Practical Applications
Overview
The paper revisits discrete Uniform Diffusion Models (UDMs) and shows that:
- The commonly used bridge plug-in parameterization is optimized by a leave-one-out (LOO) posterior, not the standard denoising posterior.
- Exact conversions exist between denoiser, LOO posterior, and concrete score for UDMs.
- These conversions enable better training and inference (e.g., informed predictor-corrector and improved top‑p/temperature sampling) without extra training.
- An absorbing-state reformulation (AUDM) and a masked-uniform variant (MUDM) preserve the UDM joint law while enabling masked-diffusion-like operations (carry-over unmasking and natural remasking), simplifying inference.
- Empirical gains are shown in language modeling and a Sudoku task.
Below are practical, real-world applications derived from the paper’s findings.
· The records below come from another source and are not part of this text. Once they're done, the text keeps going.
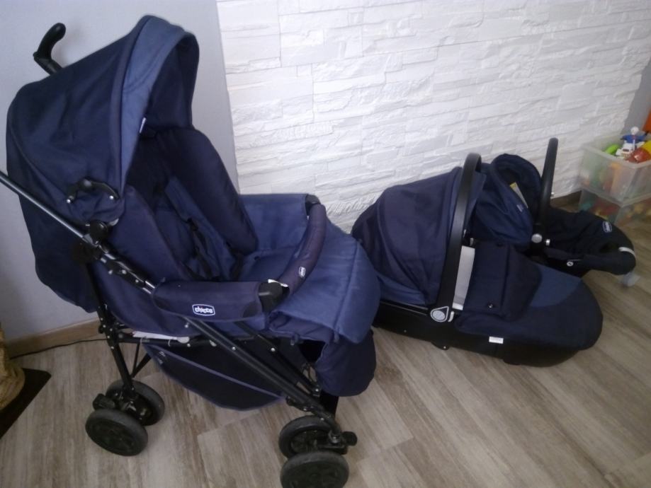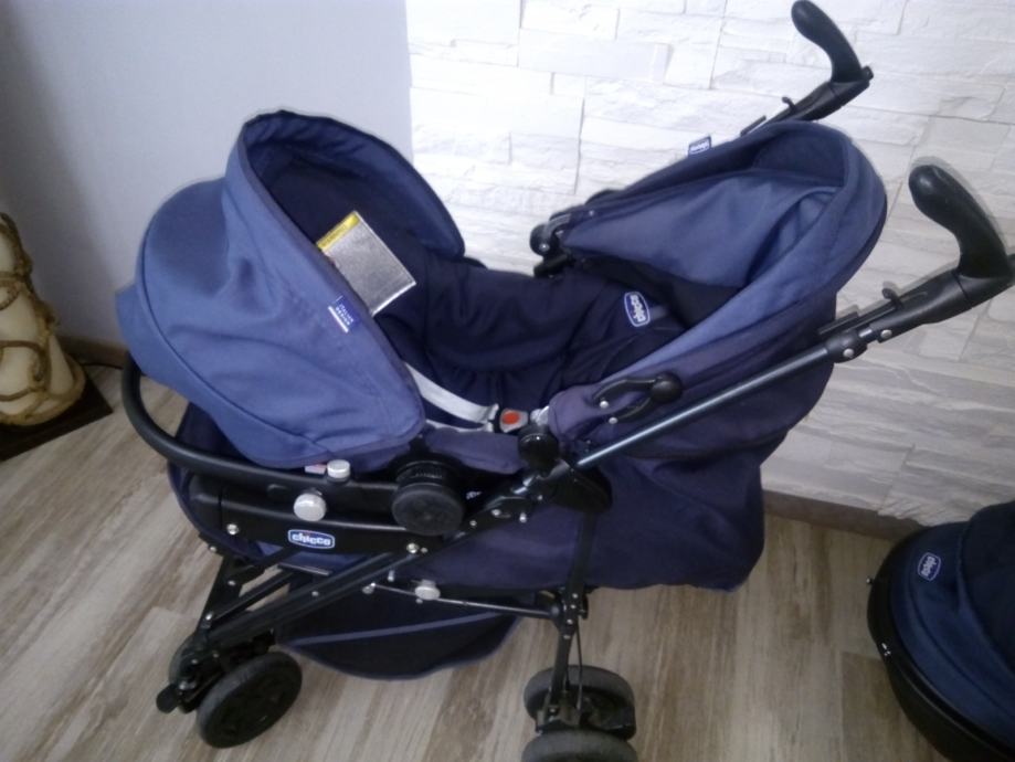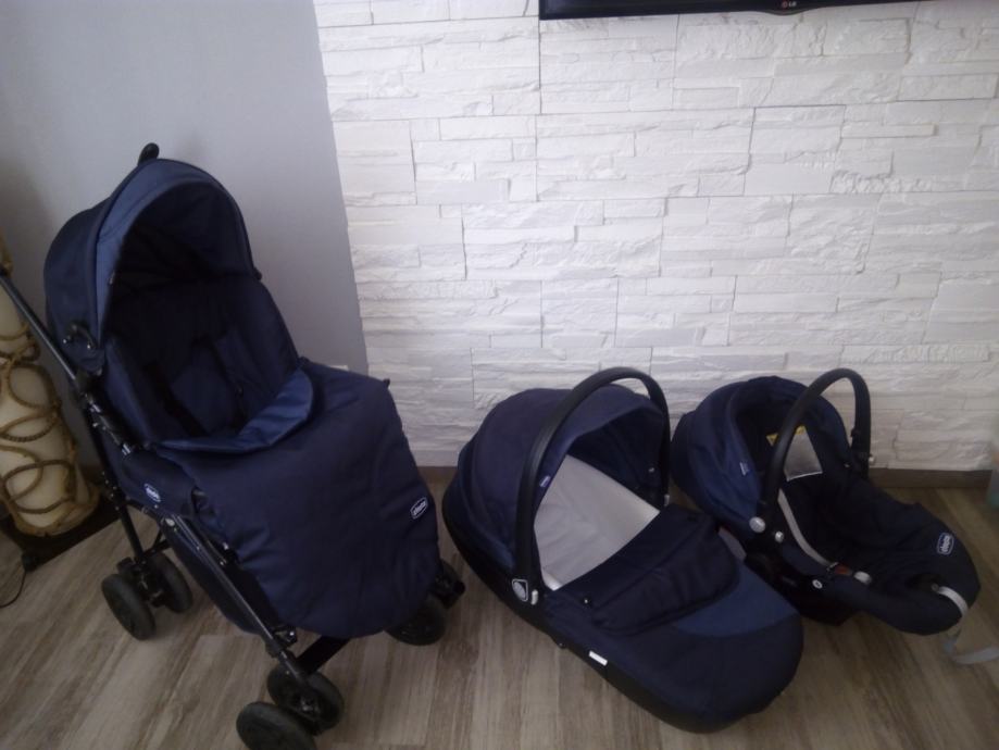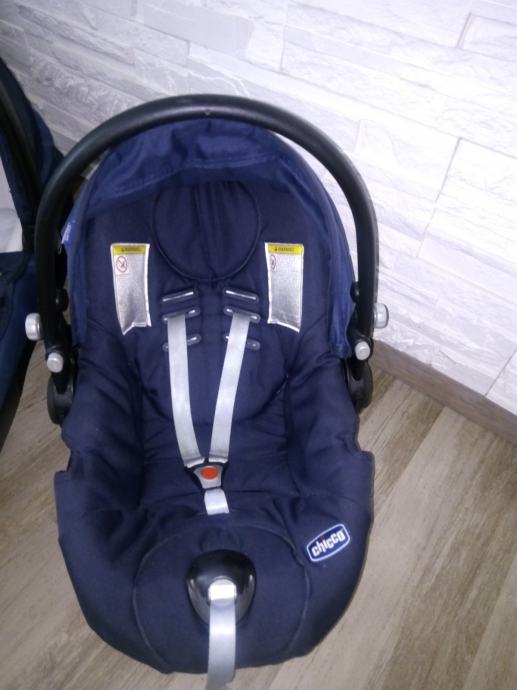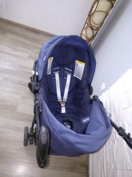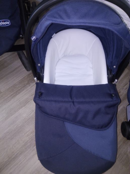 Kolica u super stanju!Košara za bebu se može podizati u gornjem dijelu pa beba može ležati na ravnom ili povišenom.Jaje na kolicima se može pomicati isto iz sjedećeg položaja prema ležećem.Treći dio sportski ima navlaku za zimu i navlaku za kišu.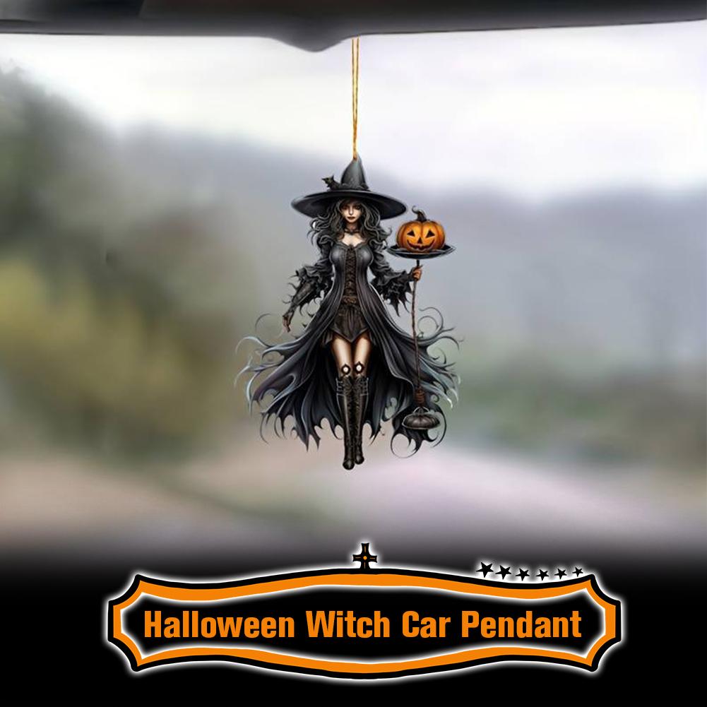 Готический кулон ведьмы, 2D акриловое украшение на Хэллоуин для зеркала заднего вида автомобиля, жуткое винтажное готическое подвесное украшение для кулона автомобиля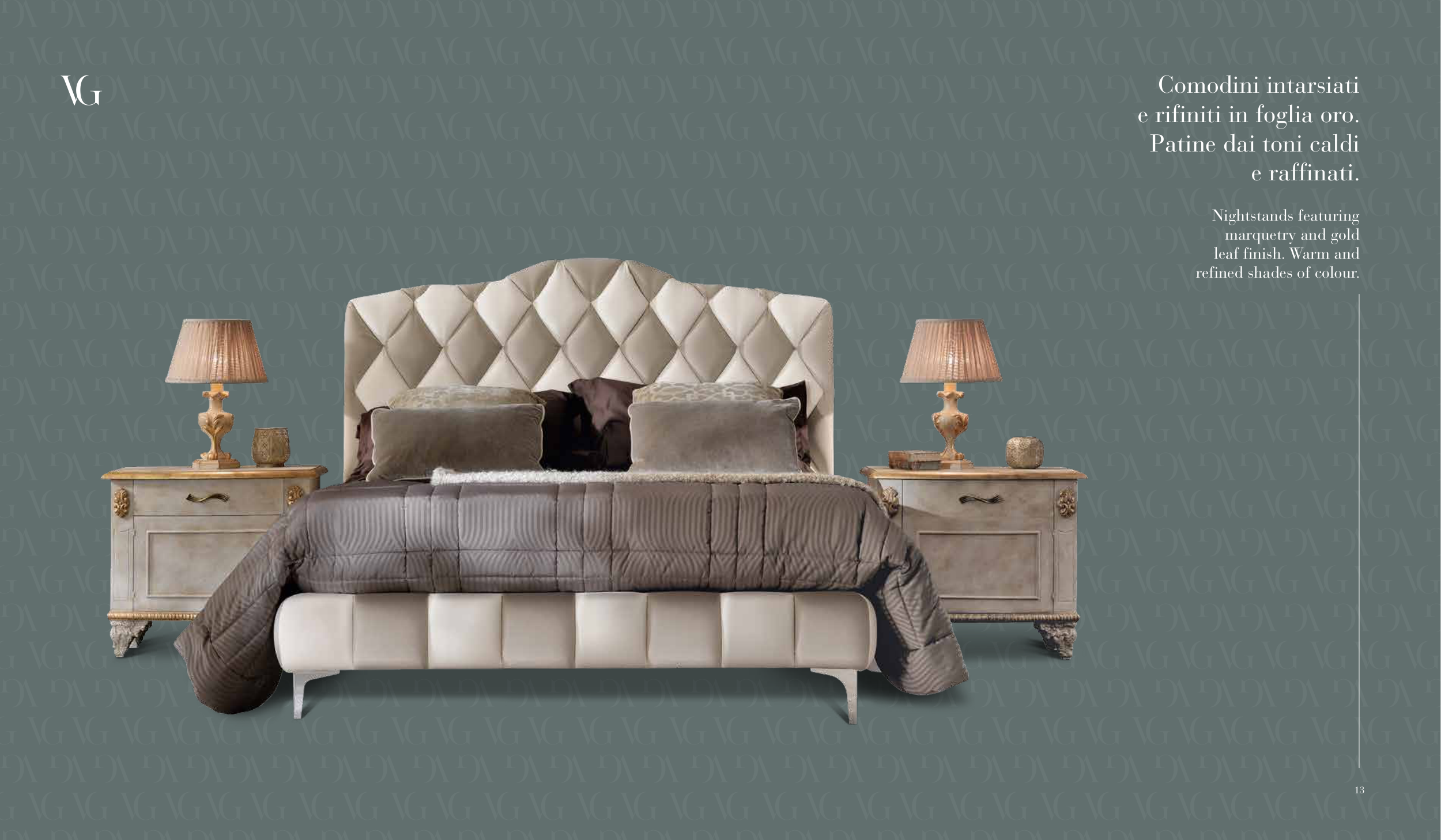Comodini intarsiati e rifiniti in foglia oro. Patine dai toni caldi e raffinati. Nightstands featuring marquetry and gold leaf finish. Warm and refined shades of colour. 13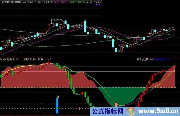 IF(判断>50 AND 趋势<判断,判断,DRAWNULL),COLORGREEN,LINETHICK2;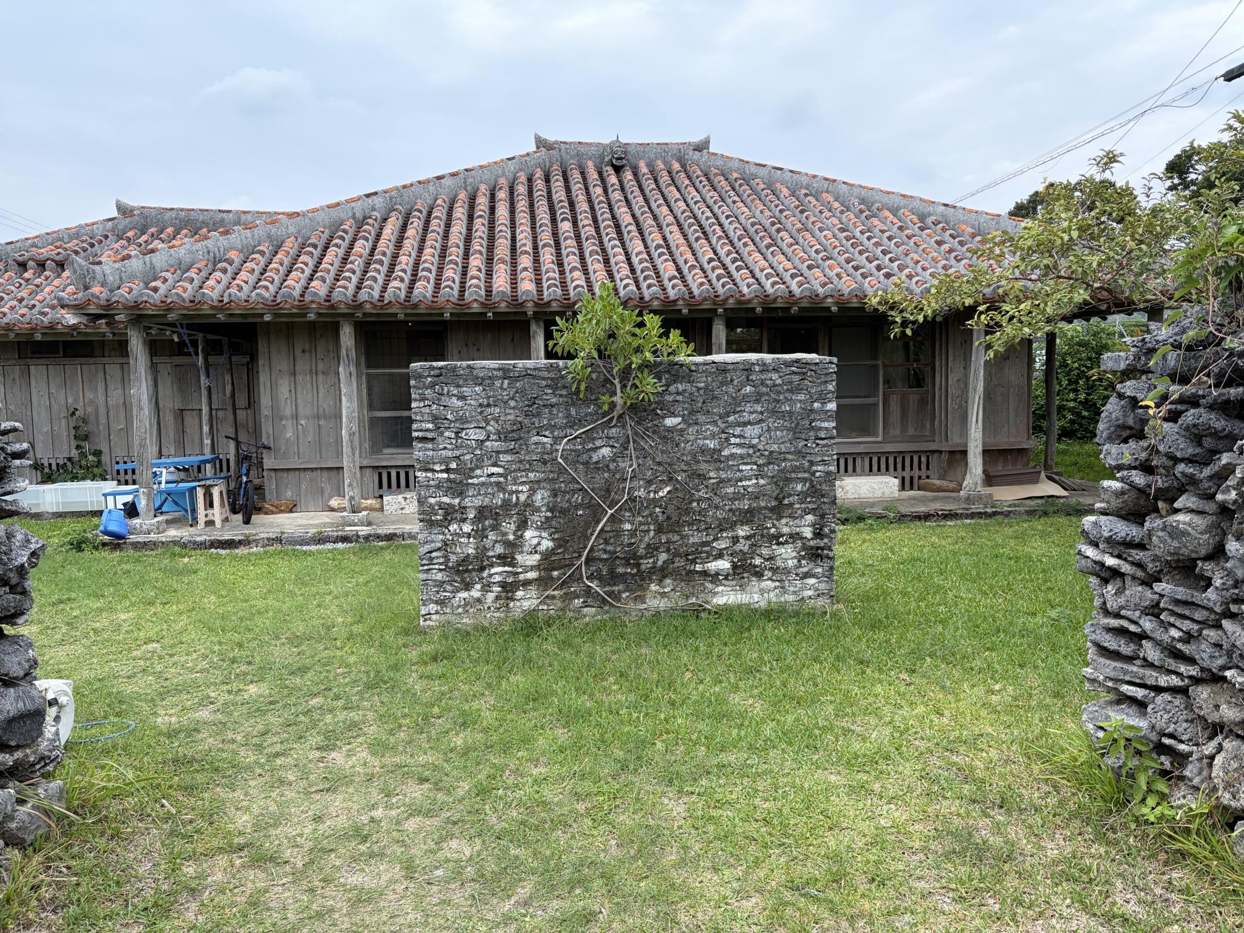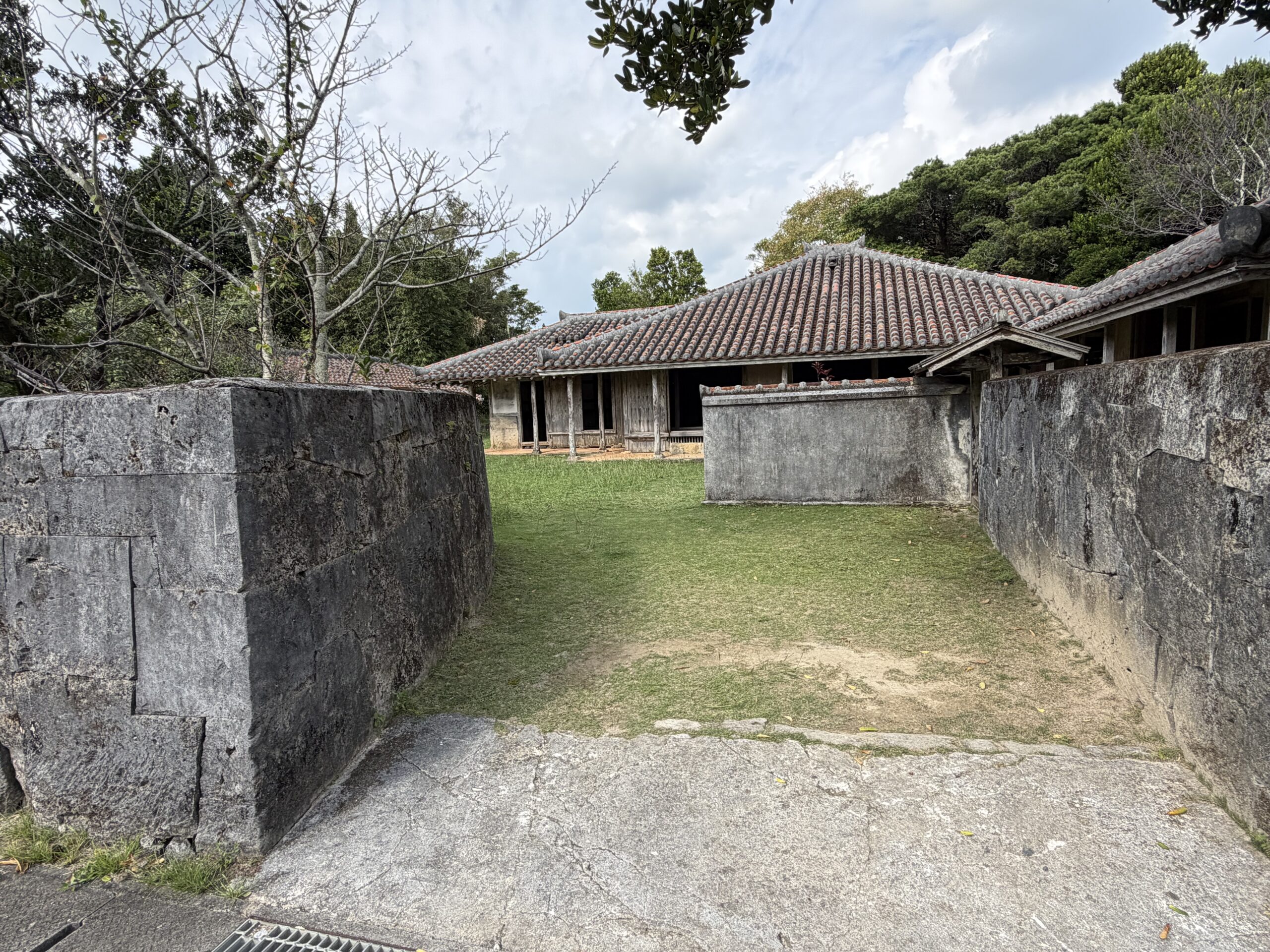 勢理客の集落の中を探し回って旧名城家住宅を見つけました。この住宅は今も使われているようなので敷地には入らずに外から見学させていただきました。後で調べてみると住宅というよりは住宅を囲っている石垣が重要文化財に指定されているようでした。写真に少しだけ写っていますが、琉球石灰岩を野面積みにしたもので角は丸く仕上げられているそうで、伊是名村での伝統的な屋敷構えだそうです。

Each bullet includes sectors and key dependencies or assumptions.
Immediate Applications
The following can be deployed now with existing discrete diffusion codebases and UDM checkpoints.
- Plug-and-play informed predictor-corrector for UDMs
- What: Add a Gibbs-style corrector based on the LOO posterior (computed from a trained denoiser via the paper’s conversion) between reverse steps; improves sample quality at no extra training cost.
- Sectors: Software/AI (language modeling, code generation), Content tools (document editing/infill), Gaming (level/text asset generation).
- Tools/workflows:
- Compute LOO probabilities from any UDM denoiser using the provided conversion.
- Insert a margin-based, parallelizable corrector step (as in the paper) into existing samplers.
- Dependencies/assumptions:
- Uniform diffusion forward process with known schedule and strictly positive transition probabilities.
- Conversion relies on UDM positivity (not generally available for MDM).
- Better decoding via top‑p/temperature applied to the LOO predictor
- What: Apply temperature scaling or nucleus sampling to LOO probabilities (not to the raw denoiser) to reduce degeneracy and improve diversity.
- Sectors: Software/AI, Creative tools (story generation, dialogue systems).
- Tools/workflows: Drop-in change to decoding pipeline; no retraining needed.
- Dependencies/assumptions:
- Availability of LOO probabilities (via conversion or direct LOO parameterization).
- Swap training target to LOO with standard cross-entropy
- What: Use cross-entropy to train a model whose underlying prediction parameterizes the LOO posterior (converted to a denoiser for the loss), aligning the target with the plug-in NELBO optimum for UDMs.
- Sectors: AI/ML R&D, Foundation model training.
- Tools/workflows:
- Implement the paper’s denoiser↔LOO conversion in the training loop (simple logit adjustment).
- Optionally add architectural or regularization biases to promote LOO invariance.
- Dependencies/assumptions:
- UDM schedule; stable training setup; data tokenization.
- Model diagnostics via LOO invariance testing
- What: Use the LOO structural property (each position’s prediction should be invariant to its own noisy token) as a diagnostic to detect suboptimal training or overreliance on self-token.
- Sectors: Model monitoring, Responsible AI, QA pipelines.
- Tools/workflows:
- After training, convert to LOO and measure sensitivity to the local input token per position as a health metric.
- Dependencies/assumptions:
- Ability to compute LOO from a trained denoiser; applies cleanly in UDM.
- Absorbing-State UDM (AUDM) sampler: reuse MDM-style operations
- What: Reformulate UDM as a mixture of absorbing-state processes to enable MDM-like carry-over (positions that are unambiguous are copied) and a natural remasking mechanism, simplifying inference while preserving UDM joint law.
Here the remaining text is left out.